9. During the hearing I was referred by the Applicant’s representative to a number of cases which have been decided by the Tribunal since Shi. The majority of those decisions, it was submitted, did not limit the material the Tribunal could consider eg Re Liu and Minister for Immigration and Citizenship (2009) 106 ALD 691, Re Kushner and Minister for Immigration and Citizenship [2008] AATA 1170, Re Chen and Minister for Immigration and Citizenship [2008] AATA 977, Re Tan and Minister for Immigration and Citizenship [2008] AATA 720 and Goh and Minister for Immigration and Citizenship [2008] AATA 698.

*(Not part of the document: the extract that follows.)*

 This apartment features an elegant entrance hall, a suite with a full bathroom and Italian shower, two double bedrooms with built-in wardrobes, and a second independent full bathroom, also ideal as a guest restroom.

10. In particular I was referred to Re Chawla and Minister for Immigration and Citizenship (2008) 104 ALD 79. I agree that ‘there is nothing obvious in the language or subject matter of section 134 of the Act which would confine the attention of the Tribunal to facts and circumstances existing at the time of the decision under review’, but, as I have said, this was not the Respondent’s contention.

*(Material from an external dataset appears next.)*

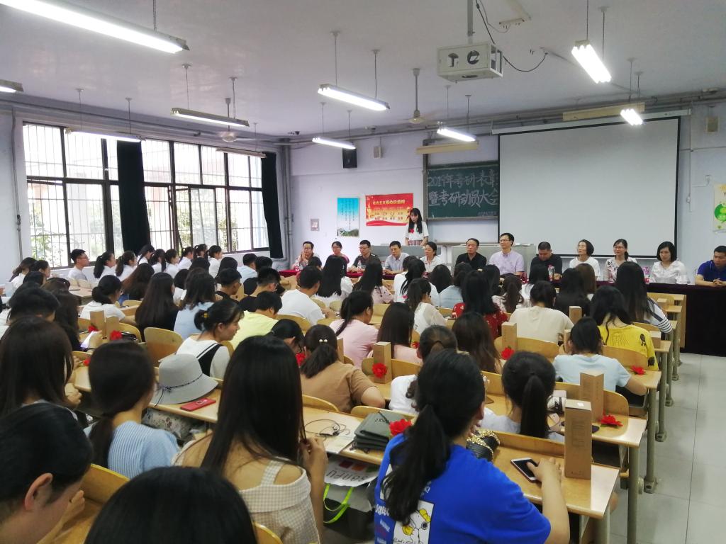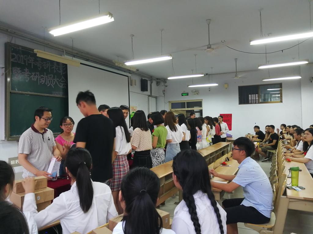 2019届同学不负众望,在今年的考试中取得了骄人的成绩。为祝贺2019届同学取得优异成绩,同时提高同学们考研学习的积极性和热情,特此,太阳成集团tyc9728于2019年6月24日在求实楼1012召开2019年考研表彰暨考研动员大会。出席本次大会的有公司领导班子成员、办公室主任、系主任、辅导员和2019届考取研究生的同学代表、2020届员工代表。大会由党总支副书记夏书珍主持。

11. I was also especially referred to Senior Member Kelly’s decision in Re Kushner and The Minister for Immigration and Citizenship (2008) AATA 1170. I agree with her view that the provisions of the Act are intended to provide certainty to business visa holders by limiting the time within which the visa can be cancelled. However I do not agree that the Act does not impose any temporal restriction. The Minister’s power to cancel a visa is clearly limited by time constraints, as discussed below.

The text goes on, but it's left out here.